Holding onto myself
- Henrietta
- May 12
- 3 min read
So now it’s over a year since I posted anything - sorry! It’s been a challenging year
I thought someone was going to be in my life forever, but it turned out that I never really knew them
They’ve been playing a game for at least a year and a half
And a few weeks ago, it all became completely clear
This stuff hurts
It really hurts
Not because I need someone new in my life. Or even someone that I’ve known for a while
But because we think we know someone and then suddenly they let the mask drop and we see if they really are
Since this happened, I’ve heard from so many people that the same thing, or significantly worse, has happened to them
Mainly, I just feel stupid
I feel stupid that I, somebody who works with people all the time, could not understand what was happening
In the end, the person involved basically accused me doing all the things that he was doing himself: manipulation, playing, waiting for something better to come along, waiting for someone better to come along
It’s slightly ironic, because I’m none of those things, and all of the people that he’s married before are exactly those things. So although I do feel stupid, I actually don’t think it’s me that was stupid
I actually hope he does have somebody different in his life. He’s got money, it won’t be hard for him
The key thing is that some people are very sure of themselves. Very sure that they are more important or more special than anyone else. And they aren’t.
In these situations, we do feel stupid. We are humans. Unlike them, we don’t feel we’re better than anyone else. Unlike them, we know we’re all just people trying to get along in the short time we have on this planet.
This is why we need people to talk to. Not friends., Because friends tell us they were rubbish all the time, and if we didn’t care, we wouldn’t have spent all that time
We need someone who will listen to what our dreams were. And let us hurt. And hold us while we hurt. And who understand that it’s that death of the dream that is hurting. The death of the version of ourselves that we thought we would be with them.
Okay, I was stupid. Okay, I was manipulated and played: rather amusingly the exact thing I was accused of. But at least I know I was honest
Doesn’t make it hurt less - but I don’t need to feel I pretended.
That’s the key
It hurts. But I didn’t ever pretend to be a thing I wasn’t.
We have a very short life here.
We need to live
I work with enough people who are dying to know that.
The future is a product of the present
So live. Live authentically. Recognise your place as one of a number of humans all trying to make our way. All contributing. All part of a picture we don’t and can’t see
No one is better than anyone else. No one is entitled.
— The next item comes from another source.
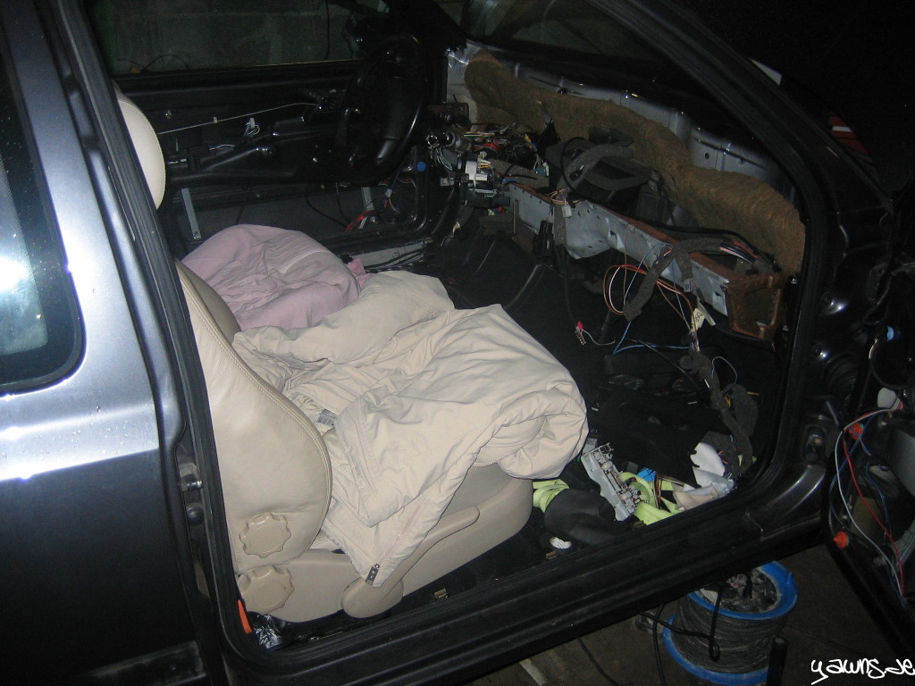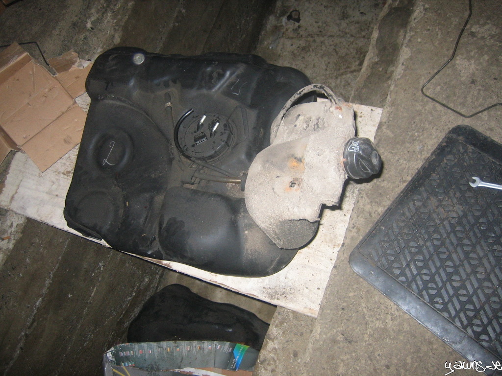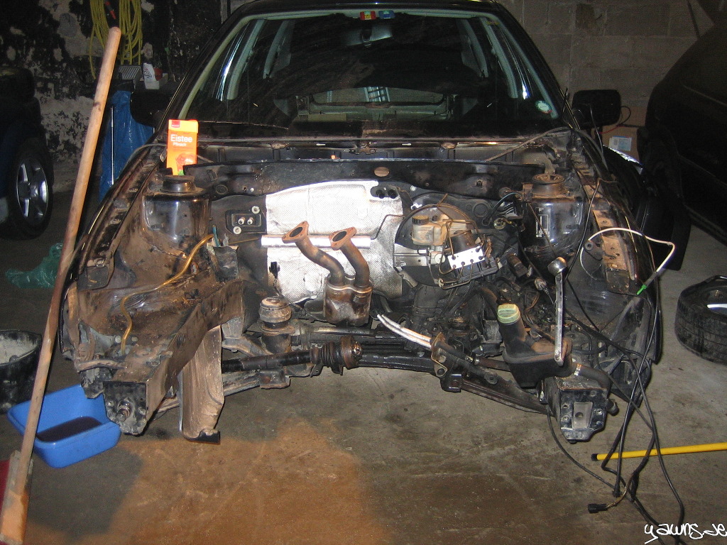 Golf: Kabelbaum gestript, Hosenrohr abgeschraubt, Motor ausgebaut (hängt noch am Kran), Brems- und Spritleitungen ausgebaut, Tank entfernt, Schaltbox rausgenommen, keine wirklichen Roststellen gefunden

We all need each other in some way
I’ve spent quite a lot of time wondering why I spent so much time over this person. Why didn’t believe what he said when he told me he didn’t want to be with me so many times
There is no answer
There was just a dream.
Dreams are dreams. We need to take care of each other and of ourselves. We need to respect that we have dreams
My primary responsibility is to me, and to anyone who chooses to work with me.
And your primary responsibilities is to you. It’s such a hard thing to hear that.
But you are a wonderful human being who is on this planet for a short time. Use that time. Live. Don’t put things off in the vague hope that in 10 years time all be wonderful.